In addition to the B-trees and B+trees that we discussed last week, we can also store database keys and data in a hash table index. For an on-disk hash table, each bucket is (typically) a page, as is each overflow bucket. In a dynamic hash table, the number of buckets increases gradually in proportion to the number of items in the table, with minimal need for re-hashing existing items.

  1. Start with an empty hash table containing 2 buckets. Using linear dynamic hashing add the following values, in order, to the table: 1000, 972, 713, 12, 436, 113, 116. Use the hash function h(x) = x % 10 (x mod 10). Grow the table whenever the number of items becomes more than twice the number of buckets.

    First we calculate i and f. i = log2 n = log2 2 = 1. f = k/2n = 0/2·2 = 0, where k is the number of entries.
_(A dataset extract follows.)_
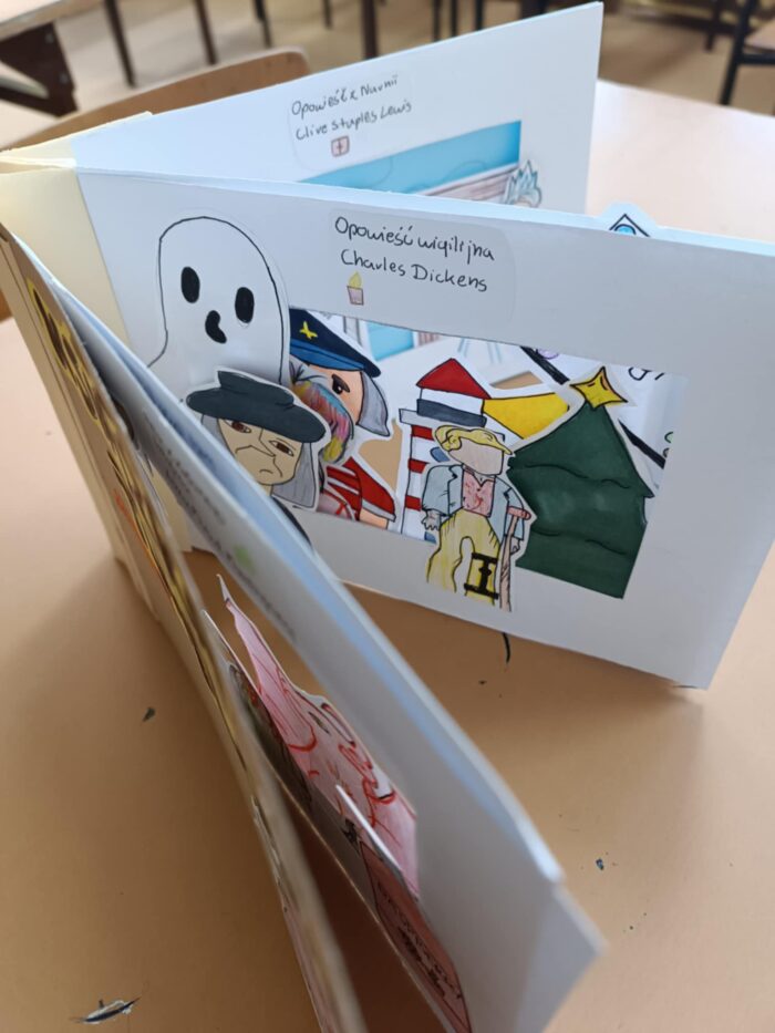 W tym roku powtórki treści lektur wyglądały nieco inaczej niż zwykle. Uczniowie wybrali po kilka ulubionych lektur i z nimi stworzyli książki tunelowe. Książka tunelowa to trójwymiarowa, przestrzenna książka, która tworzy iluzję głębi i perspektywy dzięki harmonijkowej konstrukcji z papierowych ramek (ekranów) umieszczonych jedna za drugą, połączonych z papierową harmonijką. Patrząc przez okno w okładce, czytelnik widzi scenę rozwijającą się w głąb, z postaciami i elementami, które mogą się wysuwać na pierwszy plan, co czyni ją interaktywną i angażującą wizualnie.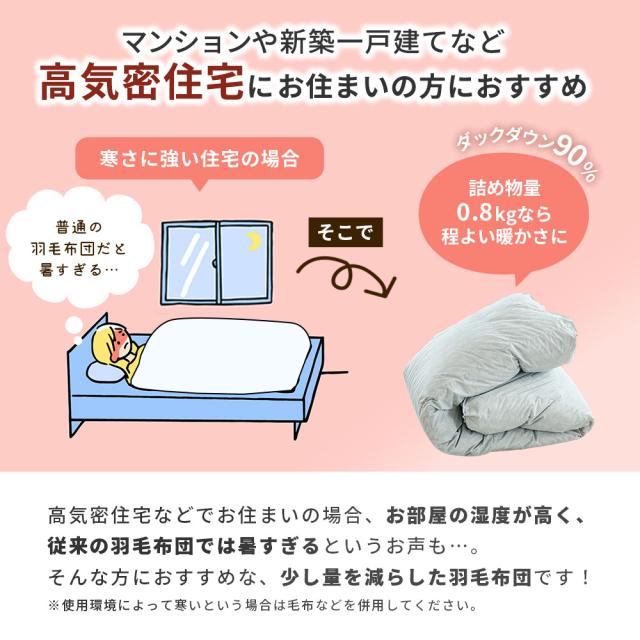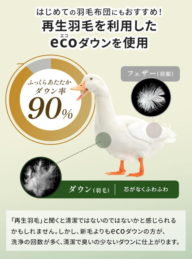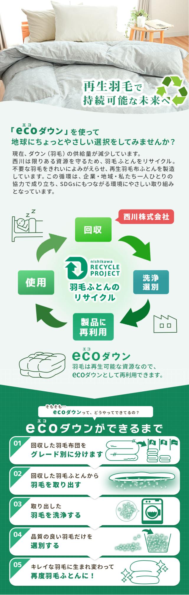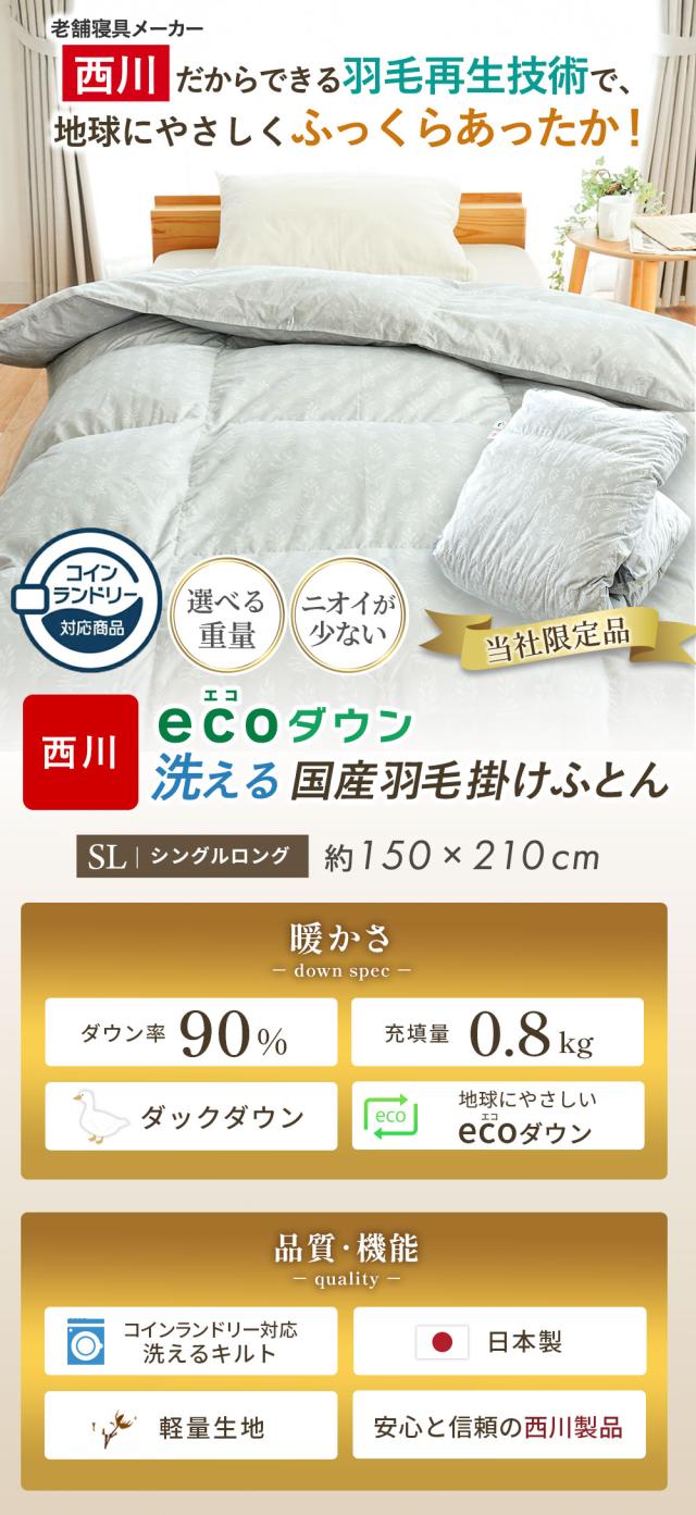 【〜12/15迄10%OFFクーポン対象】西川 コインランドリー対応 洗える 羽毛布団 シングル ロング ecoダウン エコダウン 日本製 ダックダウン90% 再生羽毛 0.8kg 合い掛け 暖かい 羽毛ふとん 掛け布団 冬用 冬 エコ サステナブル あったか 150×210cm 国産 当社限定

With this formula for f, we must always ensure that f <= 1. We start with the following hash table:

    0 []
    1 []
    
    1. Insert 1000: h(1000) = 0 = 0000. The rightmost i bit of h(1000), where i = 1, is 0, so we add 1000 to 0. f is now 1/(2·2) = 1/4.

      0 [1000]
      1 []
      
    2. Insert 972. h(972) = 2 = 0010. The rightmost 1 bit is 0, so add 972 to 0. f = 2/4 = 1/2.

      0 [1000, 972]
      1 []
      
    3. Insert 713. h(713) = 3 = 0011. The rightmost bit is 1, so add 713 to 1. f = 3/4.

      0 [1000, 972]
      1 [713]
      
    4. Insert 12. h(12) = 2 = 0010. The rightmost bit is 0, so add 12 to 0. f = 4/4 = 1, so on the next insert we will have to add a bucket.

      0 [1000, 972, 12]
      1 [713]
      
    5. Insert 436. h(436) = 6 = 0110. However, when we insert 436 we have to grow the table by 1 bucket because with 436, f = 5/4 > 1. So, n += 1 yields n = 3.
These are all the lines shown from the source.